Italian churches and religious sites require covered shoulders and knees. The Vatican Museum and St Peter’s Basilica in Rome have their dress code enforced strictly by guards at the entrance. The Duomo in Florence, the Basilica di San Marco in Venice, and almost every significant church across the country have similar requirements. Some enforce it, some post reminders, and some are relaxed — but you can never guarantee which is which until you’re standing at the door.
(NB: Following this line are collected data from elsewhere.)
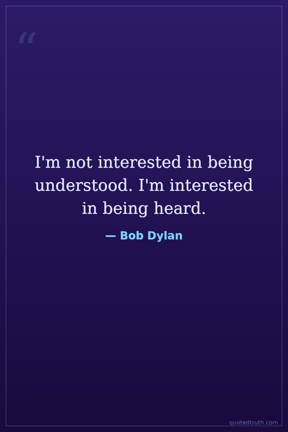 I'm not interested in being understood. I'm interested in being heard.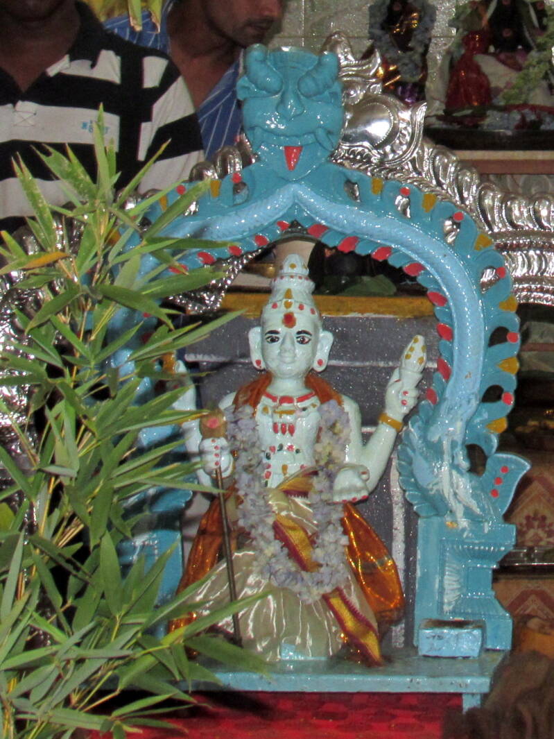 We zijn er ruim op tijd. Achteraan in de nu nog lege tempel zitten Ganesh en Kataragama te wachten in hun schrijn op wat komen gaat. Kataragama zal vanavond in het huwelijk treden en daardoor de beschermgod van de tempel worden. Buiten beginnen de dorpelingen zich te verzamelen.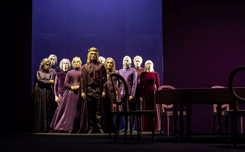 Malgrado che tutti loro li avesse fatti fuori la guerra, le due regine e Anna attribuivano la responsabilità del versamento di cotanto nobile sangue al solito Riccardo. Che però, va detto, non si faceva mancare nulla, avendo al suo servizio sicari devoti e fidatissimi (seppur nobili), come i Sir James Tyrell, Richard Ratcliffe (Lorenzo Vio), William Catesby (Riccardo Bocci), Robert Brackenburg e lord Francis Lovell. Abbastanza, come si vede per togliere tutte le sedie scomode dal tavolo: nello spettacolo uno di loro, addirittura, morde una mela mentre accoltella alle spalle uno dei rivali di Riccardo. Maria Paiato veste fin dall’inizio la tunica nera del demone reale, affetto da pronunciata zoppia, che sempre conciona in aspetti colti e subdoli, aspirando l’aria perennemente satura del complotto. In cui si muovono a proprio agio i suoi fedelissimi, come Lord Hastings (Riccardo Bocci), che però viene eliminato perché scettico sull’investitura di Riccardo.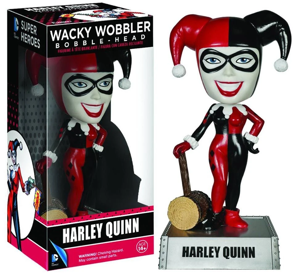 Funko Wackelkopf Figur von Harley Quinn aus dem DC Comic Universum. Größe: ca. 15cm, Mit Standbase und Harley Quinn-Schriftzug.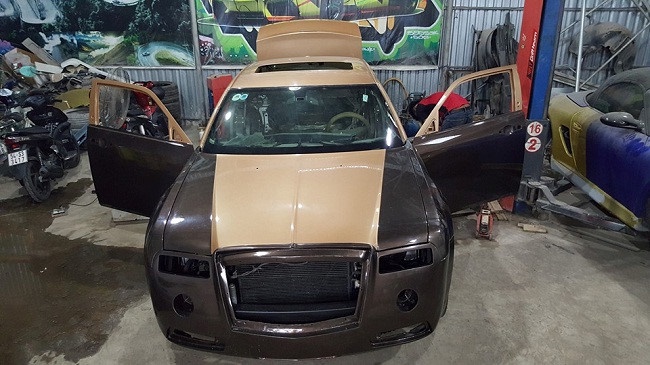 VBF-Ước mơ có trong tay 1 chiếc xe sang trọng như Rolls-Royce là mong ước của bất cứ người Vn nào. Nhưng vì giá quá cao nên họ đành chấp nhận số phận và chỉ biết thưởng thức tuyệt phẩm qua những chiếc nhái do chính họ tự tạo ra.Công nhận thợ Việt giỏi thật. Từ chiếc Chrysler mà làm được thế này là quá tốt và rất kỳ công. Trước nay ở Việt Nam cũng có một số con độ Rolls-Royce mà hiếm có con nào đạt đến cảnh giới này lắm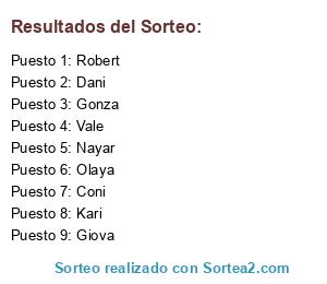Lista de participantes: Kari, Coni, Dani, Giova, Gonza, Nayar, Olaya, Robert, Vale.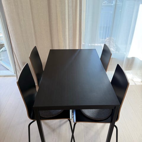 Stolar Gilbert och matbord Tärendö 110*67cm storlek på skivan. Stolarna vita med stålben och liten svart fot. Går att stapla om man vill ha 4 framme och 2 i reserv. Bordet svarta stålben och träbordsskiva, kan behöva läggas ett lager lasyr eller lack på så blir den som ny:)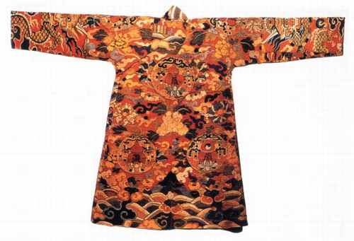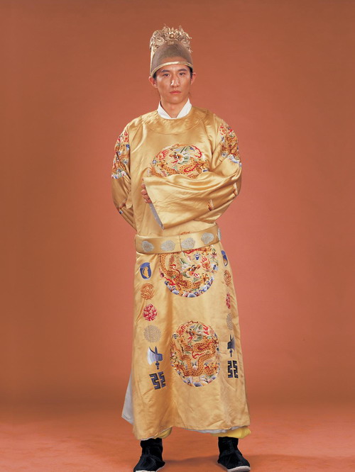 明代皇帝的日常服装是龙袍,上面绣着龙纹、翟纹和十二章纹,一般以黄色纱罗制成,配金冠。皇帝礼服则仍保持上衣下裳的古制,由玄衣、纁裳、白罗大带、黄蔽膝、素纱中单、赤舄等组成。玄衣肩部织日、月、龙纹,背部织星辰、山纹,袖部织火、华虫、宗彝纹,领、袖口、衣襟侧边、裾都是本色。纁裳织藻、粉米、黻、黼纹。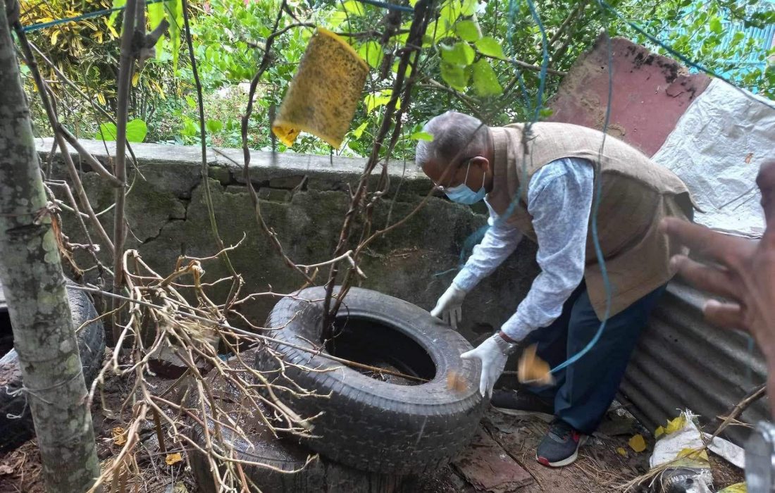 ११ असोज । तनहूँ । दमौली बजारमा डेंगुको संक्रमण बढ्दै गएपछि तनहँुको व्यास नगरपालिकाले लामखुट्टे खोज र नष्ट गर अभियान तीव्र पारेको छ । नगरपालिकाले बजारी क्षेत्रहरुमा रहेका वडाहरुमा डेंगु रोकथाम र न्यूनिकरणका लागि सरसफाइ देखि सचेतना कार्यक्रम सँगै लामखुट्टे खोज र नष्ट गर अभियान तीव्र पारेको हो । नगरपालिकाले बुधबार देखि सबै वडामा सामाजिक संघसंस्था,विद्यालय,स्वास्थ्य संस्था, टोल संगठन,राजनीतिक दललगायतको सहभागीतामा घर–घरमा पुगेर डेंगु सार्ने लामखुट्टेको लार्भा खोज्ने र नष्ट गर्ने अभियान सञ्चालन गरिएको नगरप्रमुख वैकुण्ठ न्यौपानेले बताउनुभयो । उहाँले भन्नुभयो ,“ प्रदेश सरकारबाट खटिएका चिकित्सक सहितको विशेष टोलीलाई वडाका जनप्रतिनिधिको नेतृत्वमा घरघरमै पुगेर बिरामीको स्वास्थ्य जाँच गर्ने गरिएको छ । यता तनहूँ प्रशासनको समन्वयमा दमौली बजारमा सरसफाइको कार्य तीव्र पारिएको छ । ”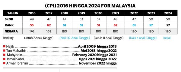 PETALING JAYA: Usaha-usaha reformasi dalam institusi lambat dan peningkatan kes lepas tanpa dibebaskan (DNAA) antara punca skor diperoleh negara dalam Indeks Persepsi Rasuah (CPI) 2024 kekal 50 mata seperti 2023. Presiden Transparency International Malaysia (TI-M), Dr. Muhammad Mohan berkata, kerajaan masih kurang melakukan reformasi institusi walaupun memberi penekanan terhadap tatakelola baik dan reformasi. Katanya, kegagalan seperti pembentangan rang undang-undang pembiayaan politik, perolehan awam, kebebasan maklumat termasuk pengasingan peranan peguam negara…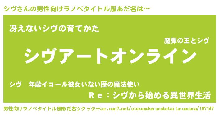 | ヘコむあだ名 | 『シヴにー』『なまこ酢』『シヴを』 |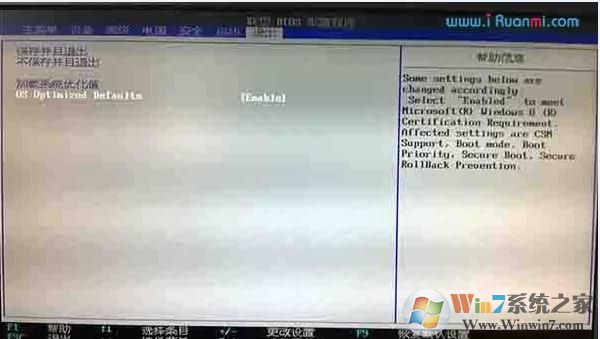 在一些预装了Win8/8.1的电脑上,会有一个OS Optimized Defaults选项。未预装Win8/8.1的电脑没有此设置选项。操作系统优化默认值是一个“顶级”设置选项。当该选项打开时,BIOS会自动将所有相关选项(即下面要介绍的各个选项)恢复为预装Win8/8.1默认启动方式所需的标准设置。具体设置: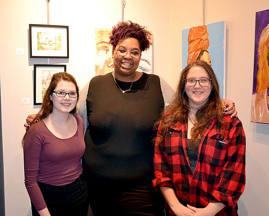 RICK KESSINGER/THE EXPRESS Members of Lock Haven University’s Fine Art Society, Alexis Hynd, Shatana Mone and recent LHU graduate Danielle Page were in attendance that evening.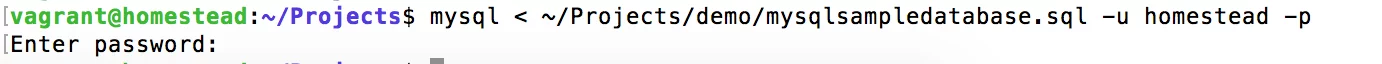 mysql < ~/Projects/demo/mysqlsampledatabase.sql -u homestead -p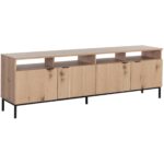 Crafted in Indonesia, this beautiful media console and cabinet will bring modern style and elegance to living, lounge and home office spaces. Designed with cream finished oak wood and a champagne gold iron frame. Features four cabinets for added style and function. Coordinate with the Ambrose modular wall desk, and large and small bookcases for a space saving design. As wood is an organic, porous material, these pieces will contain natural variation of texture and may also exhibit fine indentations and cracks. Wood pieces will also display a disparity of colour and grain, and visible knots and burls that add to the character of each piece.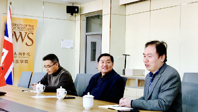 12月9日上午,图书馆馆长刘文社走访苏格兰学院,向苏格兰学院院长蒋勇院长颁赠了捐书荣誉证书,感谢蒋勇院长为我馆捐赠了近1500本外文期刊与书籍,并与苏格兰学院部分老师进行数据资源上的交流。蒋勇院长于2019年6月,向我馆捐赠由蒋勇院长亲自主编的外文期刊和书籍了近1500本,捐赠数量种类之多,覆盖专业学科之广,为我馆历史上首次。蒋院长对刘文社馆长的到来表示感谢,感谢图书馆对成立苏格兰学院上的帮助和支持,同时也对日后苏格兰学院在数字资源建设和支撑上表达了需求,刘文社馆长表示会与苏格兰学院深入合作,为苏格兰学院数据资源的建设保驾护航。苏格兰学院副院长姚鹰出席座谈会。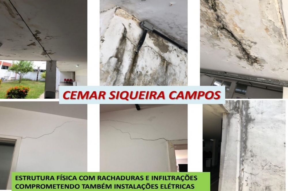 Piscina sem uso por falta de adequações para as atividades de reabilitação, infiltrações, rachaduras, salas interditadas por falta de aparelhos de ar condicionado e equipamentos danificados. Esta é a realidade do Centro de Especialidades Médicas (Cemar) do Siqueira Campos, mantido pela Prefeitura de Aracaju para garantir o atendimento à saúde da população de Sergipe. Estas condições estão apontadas em dossiê elaborado pelo Sindicato dos Médicos de Sergipe (Sindimed), contendo 62 páginas, cujas cópias foram entregues pelas lideranças sindicais a 16 entidades, incluindo o prefeito Edvaldo Nogueira (PC do B) e órgãos fiscalizadores da gestão pública, a exemplo do Ministério Público Federal e Estadual, Corpo de Bombeiros e Tribunal de Contas do Estado.
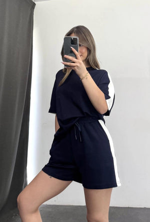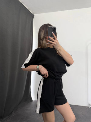 The women's set, consisting of a blouse and shorts, is a particularly elegant and comfortable choice, perfect for women who want to combine luxury with a modern and functional style. This outfit stands out through carefully crafted details and an eye-catching design.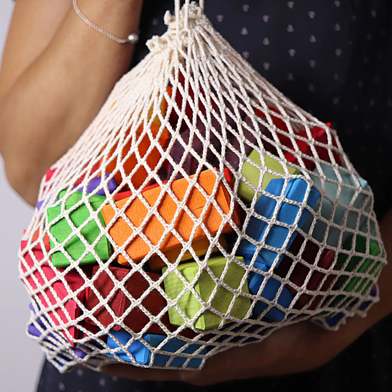 Durch die unregelmäßige Form dieser Bauklötze werden der Fantasie der Kinder keine Grenzen gesetzt und die Kreativität spielerisch gefördert. Ob als Auto, Schiff, Bügeleisen oder um eine Landschaft zu bauen, die Form der Hölzer läßt alles offen. Durch die weiche Oberfläche und ihre Größe gelingen schon den Kleinsten erste Stapelversuche. Und mit dem Baumwoll-Netz ist schnell alles aufgeräumt.
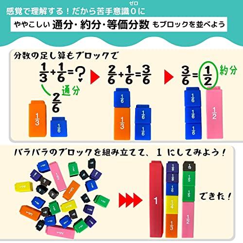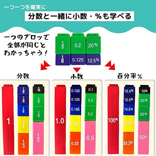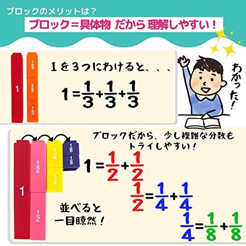 【 分数カードで学ぼう 】 分数の学習には様々なステップがあります。付属の分数カードでは分数の学習を24のステップに分け、それぞれの単元をより深く理解するための問題が用意されています。フルカラーの図解付きで、それぞれのカードにある問いかけにブロックを組み立てたりばらしたりしながら、分数の仕組みを視覚的・感覚的に学ぶことができます。 【 保護者の方向け説明書付き 】 お子様のサポートをしたいけど、説明が難しい…そんなお悩みを解決するため、保護者の方向けの説明書を付属しております。 ステップごとにブロックの使い方を含め、どの点に着目して考察するのかのポイントをまとめてありますのでぜひご活用ください。 【 分数・小数・百分率(%)の換算も 】 このブロックは分数だけではなく、小数・百分率(%)の学習にもご利用いただけます。分数・小数・百分率(%)の換算はいずれも「1」との関係性を理解することに繋がりますが、頭の中だけで理解しようとすると、思考の工程が多くお子様は混乱しがちです。ブロックを使って感覚的に学習することで、思考過程を整理しながらより深い理解につなげることができます。 【 苦手意識を持つ前に 】 小学校高学年の算数で苦手な単元トップ3に「割合」があげられています。分数・小数・百分率(%)は、割合の中でも基礎となる部分です。つまずいたままにしてしまうとその後の学習に大きく影響します。苦手意識を持たないためにも、ご家庭でのフォローに分数ブロックをお役立てください。 【 お子様に合わせた学習 】 分数ブロックをご家庭での学習に活用していただくことで、お子様のペースに合わせた学習が叶います。しっかりと理解できているところはスキップして、わからないところは理解できるまで手と頭を動かしてみることで、より深い学習になります。また、学校では多くのお友達の中で授業が進むため、「?」と思っても先生に質問することができないことがほとんどです。年齢的にも質問が恥ずかしいという気持ちが始まります。ご家庭での予習・復習に、お子様ご自身がじっくりと考えられる、分数ブロックをお役立てください。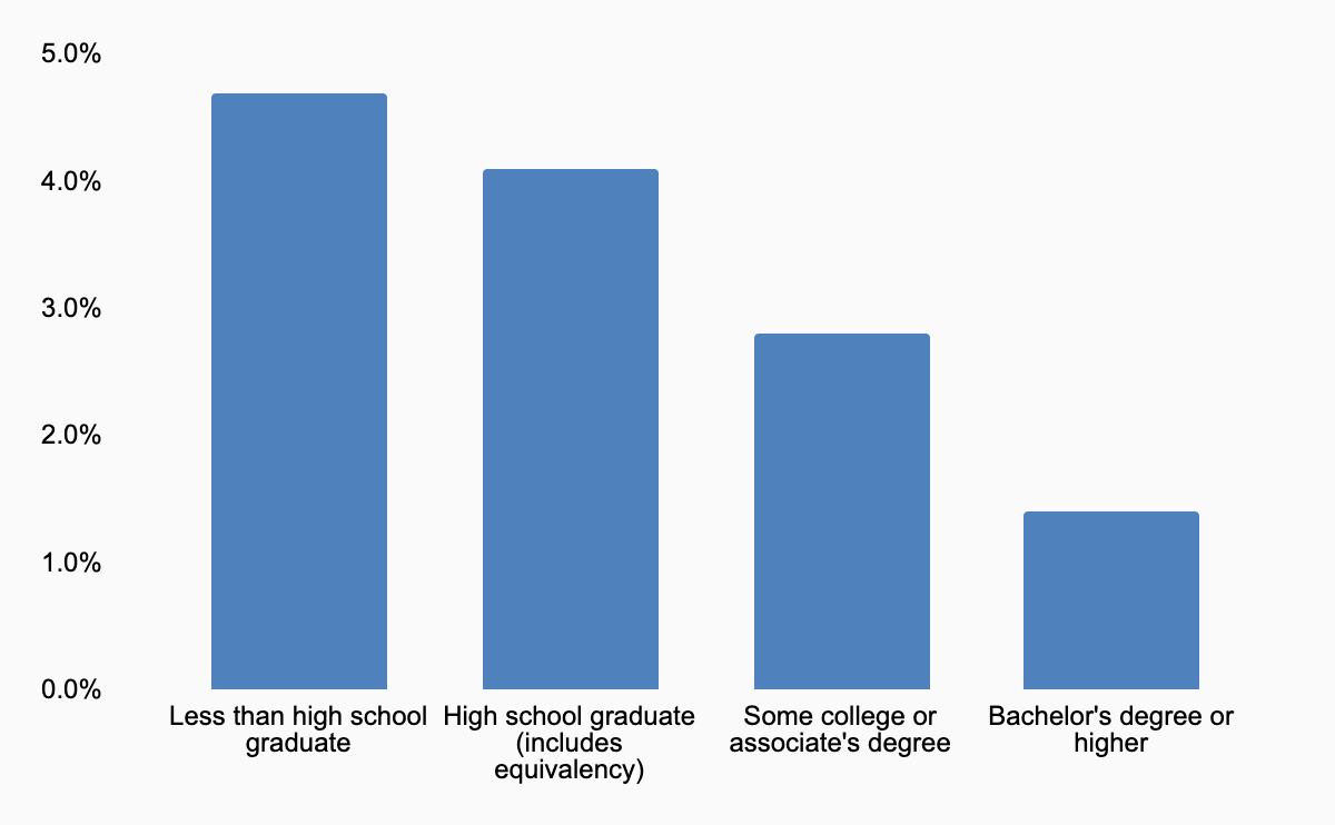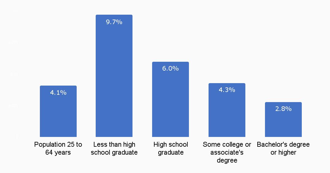 The unemployment rate in 2020 for individuals 25 to 64 years and older was 4.6 percent. However, for those who attained less than a high school diploma or earned a high school diploma, the rate is disproportionately higher at 8.2 percent and 6.2 percent, respectively. Unemployment rates among residents with a bachelor’s or higher is significantly lower than the Providence metro unemployed population at 2.6 percent (Figure 3).
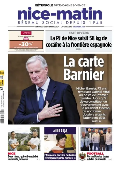Nice-Matin estime qu'Emmanuel Macron joue "la carte" Michel Barnier, et insiste sur les dossiers urgents qui s'accumulent déjà sur son bureau... Le quotidien ne porte pas de jugement et attend de voir la politique du Premier ministre. Et revient aussi sur le mercato de l'OGC Nice mené par l'ancien international français Florian Maurice. Enfin, une manchette félicite la très grosse saisie de 58 kg de cocaïne par la PJ à la frontière espagnole.

The solution is not to pack a dedicated church outfit. It’s to make your linen button-down shirt your church cover-up. Open over any sleeveless top or dress, it covers your shoulders and arms instantly. If your dress is shorter than knee-length, the combination of a longer shirt and positioning it loose over the front will often satisfy less strict dress code enforcement. A large lightweight scarf does the same job for your legs when draped over them.

This way you’re not carrying anything extra — you already have the shirt and the scarf. They just happen to serve two purposes.

Local tip: Keep your linen shirt and scarf accessible in your personal item on any day that involves church visits. The worst possible scenario is arriving at the Vatican queue, realising your cover-up is at the very bottom of your bag, and having to unpack in a piazza while a tour group watches.


8. Shoes: The Three-Pair Rule for Italian Cobblestones

Let me be honest with you about shoes and Italy: I used to pack four pairs for Italian trips specifically, reasoning that the variety of contexts — ruins, beaches, dinners, walking days — justified it. I was wrong. Three pairs cover everything, and the key is choosing three pairs that are specifically suited to Italy rather than generic travel footwear.

Pair one: Your main walking shoe. This is the most important shoe choice you’ll make, and in Italy it’s particularly consequential because Italian streets are merciless. Roman cobblestones (sampietrini) are large, rounded, and uneven. Cinque Terre paths are rocky. Amalfi is steep. White leather trainers are the classic answer — they go with everything, they look intentionally stylish rather than just practical, and modern trainer soles handle cobblestones much better than dress shoes. A well-cushioned sandal with ankle support is an excellent alternative for peak heat. Whatever you choose, they must be broken in before you travel. New shoes on a walking-heavy Italian trip is one of the most reliable ways to have a completely miserable afternoon.

Pair two: Your elevated shoe. A leather loafer, a block-heeled sandal, clean leather mules, or low heeled strappy sandals — the shoe that takes your linen trousers or your dinner dress from day to evening. It doesn’t need to be uncomfortable. It just needs to look like you made an effort. For Italy specifically, flat leather sandals in a tan or nude tone do this brilliantly and transition seamlessly between casual and smart.

Pair three: Your flat sandal or slide. For the beach, for wandering back from dinner on warm evenings, for the hotel or apartment, for days when your feet simply need liberation from proper shoes. These pack flat and weigh almost nothing. Birkenstock-style sandals are popular for good reason — comfortable enough to actually walk in, stylish enough to not look like resort wear.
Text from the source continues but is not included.